Calif. judge unlikely to dismiss suit against S&P

Calif. judge indicates he's unlikely to reject motion by S&P to dismiss lawsuit

SANTA ANA, Calif. (AP) -- A California judge indicated Monday that he will reject a motion to dismiss a $5 billion civil fraud lawsuit against the credit ratings agency Standard & Poor's.

U.S. District Judge David Carter issued a tentative ruling, which wasn't immediately made publicly available. Carter mentioned in court about the case going forward but gave pause to his decision and said he would need some time to reflect upon it.

"I have to back up and really take a look at this," Carter said. A final decision was expected by July 15.

Both sides declined to comment after the hearing.

S&P, a unit of New York-based McGraw-Hill Cos., wants the suit filed by federal prosecutors earlier this year tossed, arguing that the lawsuit is too broad without providing enough specific examples of the alleged fraud.

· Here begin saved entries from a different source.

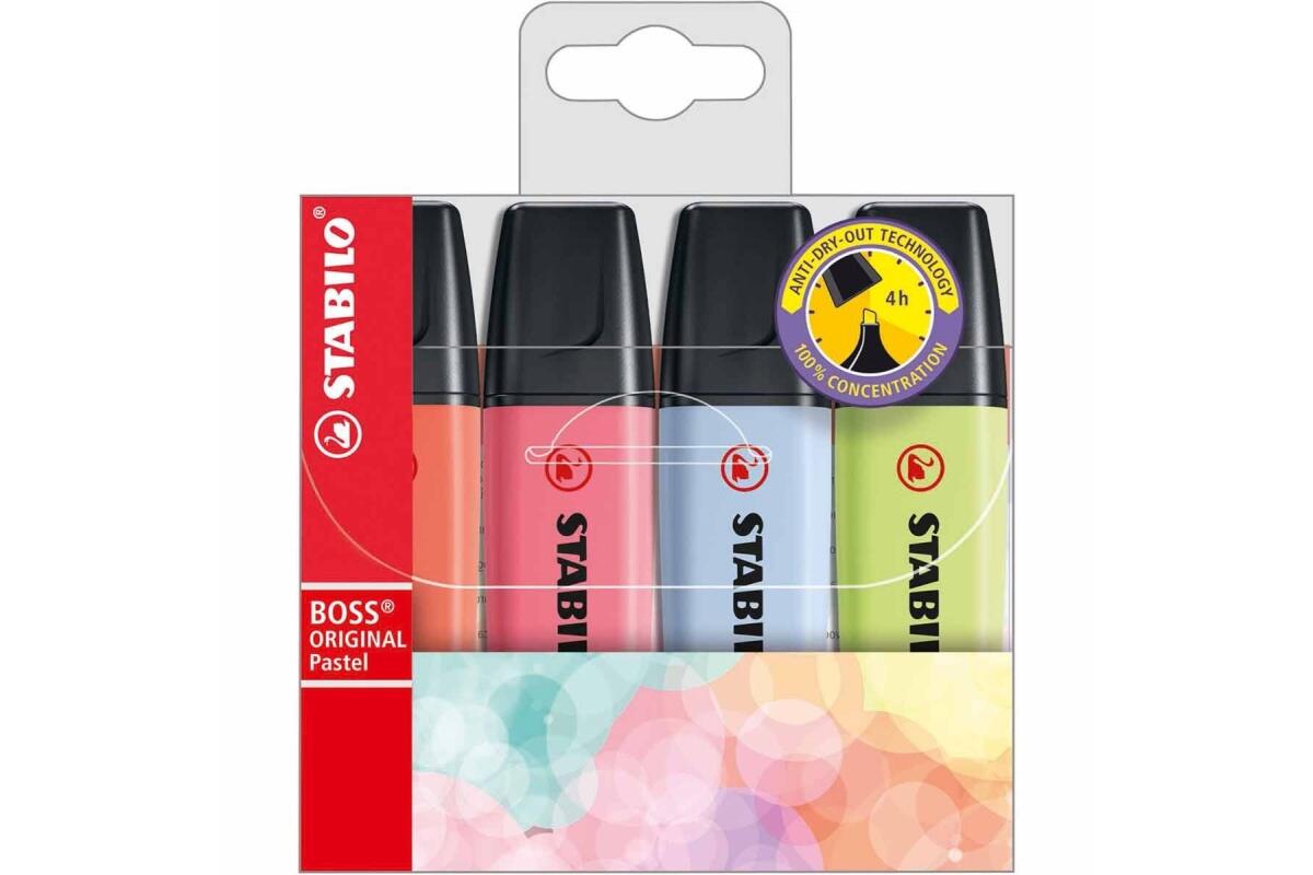 | 2465698 | Zvýrazňovač Stabilo Boss Original Pastel, 2-5 mm, klínový hrot, 4 ks (pastelová oranžová, svěží modrá, fuchsiová, šedivá) |
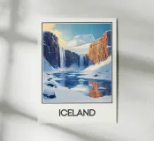 Laat je meevoeren door de ijzige schoonheid van IJsland met deze illustratie van een majestueuze waterval omringd door steile kliffen en smetteloze sneeuw. Een opvallend Scandinavisch landschap dat de puurheid en grootsheid van de natuur oproept, ideaal voor een inspirerende en rustgevende decoratie.
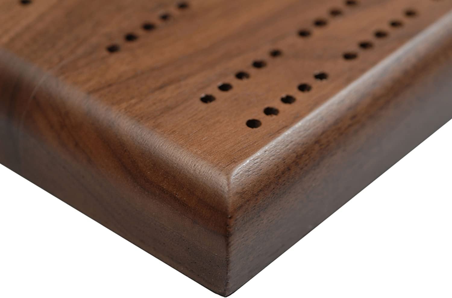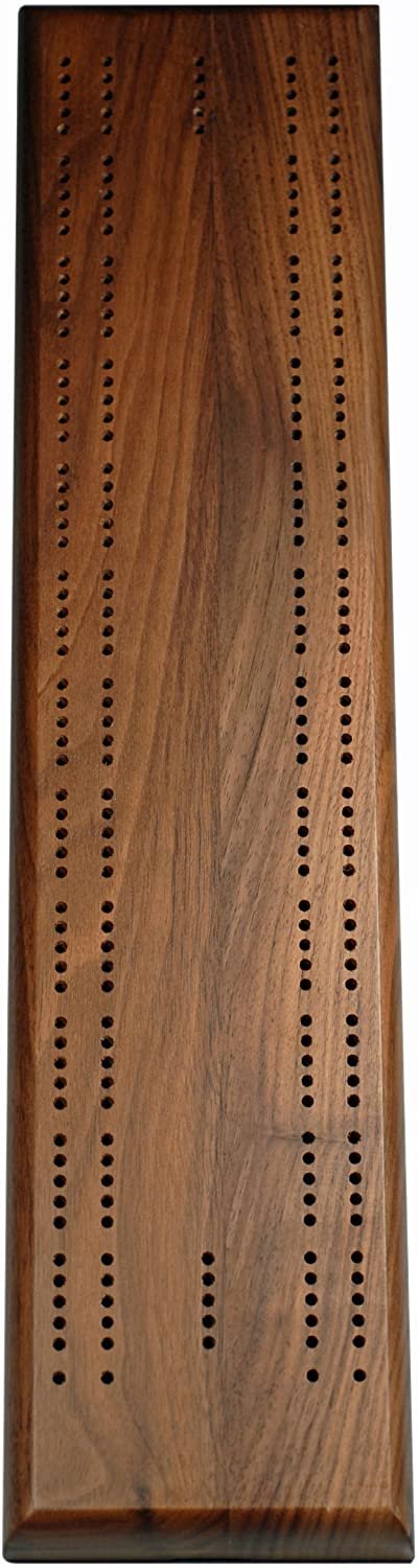 This deluxe, gift-quality cribbage set comes complete with board, cotton carrying bag, tapered metal pegs and a deck of cards. The beautiful 2 lane cribbage board is crafted from solid wood and is ACC Sanctioned for tournament play. This is considered a sprint styled board with 60 holes straight up and 60 holes straight back. The peg holes are precision drilled. There are additional holes in the center for tracking wins of multiple games. The peg storage compartment on the underside of the board is covered with a sliding metal door. In an effort to standardize the cribbage board, the American Cribbage Congress (ACC) recommends a cribbage board that is 60 holes long. The American Cribbage Congress (ACC) purpose of a standardized board is to decrease pegging errors and to help improve tournaments. This is a quality board that will make a great addition to your game collection.
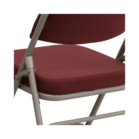 Premium Curved Triple Braced & Double Hinged Burgundy Fabric Metal Folding Chair

"They never make the who, what, how allegations," lawyer John Keker said.

In its lawsuit, the Obama administration accused S&P of refusing to warn investors about the collapsing housing market in 2006 and inflating its ratings of risky mortgage investments. The government said S&P didn't move quickly enough to issue a mass downgrade of subprime-backed securities.

High ratings from the three major credit rating agencies made it possible for banks to sell trillions in risky investments. Some investors can buy only securities that carry high credit ratings.

The lawsuit alleges S&P recognized home prices were sinking and borrowers were having a difficult time repaying loans. But those facts weren't reflected in the ratings the agency gave to complex real-estate investments known as mortgage-backed securities and collateralized debt obligations, prosecutors said.

"They weren't doing what they said they were doing," Assistant U.S. Attorney George Cardona said of S&P.

The government said S&P didn't move quickly enough to issue a mass downgrade of subprime-backed securities. But S&P attorneys question why other agencies that issued identical ratings before one of the nation's worst financial crisis weren't sued.

"We don't understand the distinction," Keker said.

The civil case, which seeks $5 billion in penalties, is the Obama administration's most aggressive action against those who were deemed responsible for the recession, following years of criticism that the government didn't do enough.